Читать онлайн
"Тот, кто стоит за окном"
Алиса остановилась перед дверью квартиры №711. Дышала часто, порывисто — как зверь, загнанный в тупик. Коридор пах плесенью и мокрой штукатуркой; мигающие лампы наверху создавали ощущение, будто сама реальность подёрнулась рябью — и вот-вот исчезнет. Ремешок сумки натянулся под её пальцами, побелевшими от усилия.

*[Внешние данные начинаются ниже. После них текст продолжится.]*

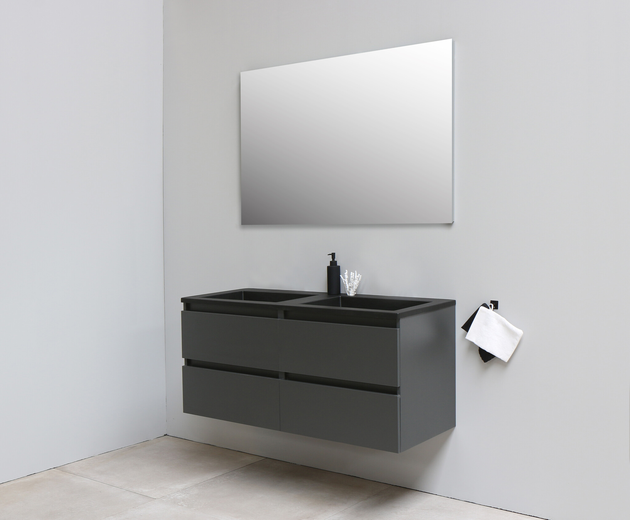 Solidline badkamermeubelset | 120cm | Acryl | Mat zwart | 0 | Mat antraciet | Standaard spiegel | Bouwpakket
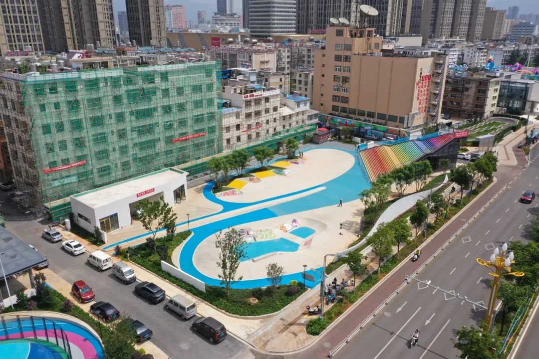 过去,滑板公园项目地仅作为城市绿地使用,土地利用效率低。依托老旧小区改造,红塔区建设集滑板运动、休闲娱乐、文化交流等功能于一体的滑板公园,既满足了滑板爱好者和周边居民的运动需求,又填补了红塔区专业性运动公园的空白,是红塔区坚持以人民为中心、推动老旧小区改造实现共建共治共享共美的生动体现。此外,滑板公园临近小庙街、万达广场、市体育馆等核心地带,独特的“运动+商业”模式,将对中心城区商业区进行有效补充,进一步激发城市活力。
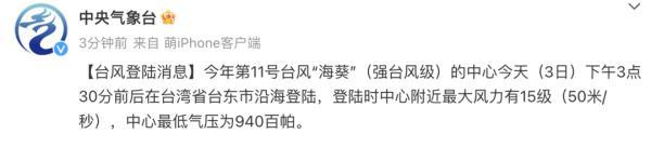 今年第11号台风“海葵”

— Последний шанс, — шепнул внутренний голос. Знакомый, упрямый, тот, что жил на дне сознания и вспоминал её слабости — промахи, бессонные вечера, вечную борьбу с невидимыми стенами, в одиночку.
Она замерла. Можно было повернуться, уйти. Раствориться в ночи, растворить себя в ней — и не узнать, что ждёт за этой дверью. Не рисковать.
Но нужда хлестнула по спине холодным кнутом.
Она постучала — три чётких удара, слишком громких в тишине.
Дверь открылась без заминки, будто за ней давно стояли, считая её вдохи. На пороге выстроились трое — мужчины в одинаково чёрных костюмах, одинаково гладких лиц, словно вылепленных из одного куска воска. Их улыбки были чрезмерны, как дешёвая реклама. И только глаза… Глаза были мёртвы. Бесцветные. Как вода в стоячем пруду.
Но Алиса всё равно захотела им поверить. Потому что иначе — ничего.
— Вы Алиса? — спросил один. Его голос был вязким, как влага, сочившаяся сквозь стены в старом подвале.
Она кивнула. Один шаг — и вошла внутрь.
Прохлада ударила в лицо. Воздух был застоявшимся, будто дом затаил дыхание. В глубине коридора тлел слабый свет, шаги отдавались скрипом, похожим на сбивчивое сердцебиение. Она не знала — своё ли это сердце, или чьё-то ещё.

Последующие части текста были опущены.